(a) In a class of 45 students, 32 offered Physics(P), 28 offered Government(G) and 12 did not offer any of the two subjects. (i) Draw the Venn diagram to represent the information ; (ii) How many students offered both subjects? (iii) What is \(n(P \cup G)\)?
(b) If \(p = \frac{2u}{1 - u}\) and \(q = \frac{1 + u}{1 - u}\) ; express \(\frac{p + q}{p - q}\) in terms of u.
Two fair dice are tossed together once.
(a) Draw a sample space for the possible outcomes ;
(b) Find the probability of getting a total : (i) of 7 or 8 ; (ii) less than 4.

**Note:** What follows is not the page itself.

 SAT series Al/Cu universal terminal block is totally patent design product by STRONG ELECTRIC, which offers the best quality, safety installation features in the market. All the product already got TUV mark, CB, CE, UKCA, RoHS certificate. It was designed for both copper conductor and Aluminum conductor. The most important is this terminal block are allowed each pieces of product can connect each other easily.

(a) A sector of a circle of radius 8cm subtends an angle of 90° at the centre of the circle. If the sector is folded without overlap to form the curved surface of a cone, find the :
(i) base radius ; (ii) height ; (iii) volume of the cone. [Take \(\pi = \frac{22}{7}\)].

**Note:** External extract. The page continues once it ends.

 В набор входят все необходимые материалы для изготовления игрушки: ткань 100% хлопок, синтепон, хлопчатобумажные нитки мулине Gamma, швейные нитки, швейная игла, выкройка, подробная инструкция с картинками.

(b) A map is drawn to a scale of 1 : 20,000. Use it to calculate the : (i) distance, in kilometres, represented by 4.5 cm on the map ;
(a)(i) If \(4x < 2 + 3x\) and \(x - 8 < 3x\), what range of values of x satisfies both inequalities? ; (ii) Represent your result in (i) on the number line.
(b) A shop is sending out a bill for an amount less than £100. The accountant interchanges the two digits and so overcharges the customer by 45. Given that the sum of the two digits is 9, find how much the bill should be.
In the diagram, ABCDEO is two- thirds of a circle centre O. The radius AO is 7cm and /AB/ = /BC/ = /CD/ = /DE/. Calculate, correct to the nearest whole number, the area of the shaded portion. [Take \(\pi = \frac{22}{7}\)].